# Freiangelrecht in der Schweiz



## denis82 (31. März 2010)

Tag an alle!

Benötige Ihre Hilfe bzw. Ihre Erfahrungen. 
Habe jetzt am Wochenende vor mit meiner Familie einen Ausflug nach Schweiz zu unternehmen. Da ich natürlich noch Angeln möchte und sich dort nicht auskenne habe ich ein paar fragen an Euch. Ich besitze zurzeit keinen Angelschein bzw. Fischerschein habe im Internet mich mal umgesehen und auf folgende Seite gestoßen http://www.angeltreff.org/gesetze/schweiz_gesetz.html die besagt dass man nach einen Freiangelrecht mit Einschränkungen frei angeln darf, nun die Frage: muss ich da trotz den Freiangelrecht eine Angeltageskarte holen und wenn ja dann bei wem und was kostet? Ort wo ich Angeln möchte ist (Untersee zwischen Eschenz und Mammern). Nun nächste frage: Darf man dort direkt am Ufer Grillen/ Räuchern? Wie sieht es aus mit Zelt aufstellen versteht sich natürlich tagsüber. Nun meine letzte frage: wenn ich nur Landstraßen fahre (keinen Autobahn) in der Schweiz, muss man da trotzdem eine Vignette kaufen. So das war es wohl vorerst. Werde auf Ihre antworten warten. Bedanke aber schon im Voraus.


----------



## Janbr (31. März 2010)

*AW: Freiangelrecht in der Schweiz*

Servus,



> Tag an alle!
> 
> Benötige Ihre Hilfe bzw. Ihre Erfahrungen.
> Habe jetzt am Wochenende vor mit meiner Familie einen Ausflug nach Schweiz zu unternehmen. Da ich natürlich noch Angeln möchte und sich dort nicht auskenne habe ich ein paar fragen an Euch. Ich besitze zurzeit keinen Angelschein bzw. Fischerschein habe im Internet mich mal umgesehen und auf folgende Seite gestoßen http://www.angeltreff.org/gesetze/schweiz_gesetz.html die besagt dass man nach einen Freiangelrecht mit Einschränkungen frei angeln darf, nun die Frage: muss ich da trotz den Freiangelrecht eine Angeltageskarte holen und wenn ja dann bei wem und was kostet?
> ...


 
Gruss

Jan


----------



## denis82 (2. April 2010)

*AW: Freiangelrecht in der Schweiz*

Danke für schnelle antwort.

Kann mir jemand ein platz empfehlen wo man vom Ufer aus angeln kann Untersee, Bodensee


----------



## Kretzer83 (2. April 2010)

*AW: Freiangelrecht in der Schweiz*

ich denke das ist Momentan sehr schwierig.
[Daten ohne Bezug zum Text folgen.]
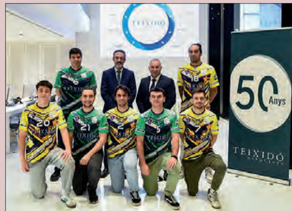
Presentació del Teixidó CV Balaguer-CE INEF Lleida

Aquest és el segon equip masculí de la província, i competeix a la categoria més alta del vòlei català. L'equip milita a la Primera Divisió Sènior Masculina de la Federació Catalana de Voleibol, on l'objectiu és aconseguir la permanència, i poder aspirar a l'ascens en les temporades vinents.

Du darfst wenn ich es richtig verstanden Habe im Kanton Thurgau an den Seen nur mit festem Schwimmer (Zapfen) Fischen. 
Im Obersee sind noch keine Fische in Ufernähe. Untersee ist alles etwas früher, aber dennoch kann es sein, dass da rein gar nichts los ist.
Aber versuchen musst es. Also: mit ner langen Rute, dass du die Feste Pose sehr tief einstellen kannst. Dann Maden an den sehr kleinen, dünnschenkligen Haken und anfüttern mit Maden + Paniermehl.

Was evtl. auch schon geht ist nachts auf Aal. Also einfach mit Maden oder Wurm sehr Ufernah anbieten.

mfg Kretzer


----------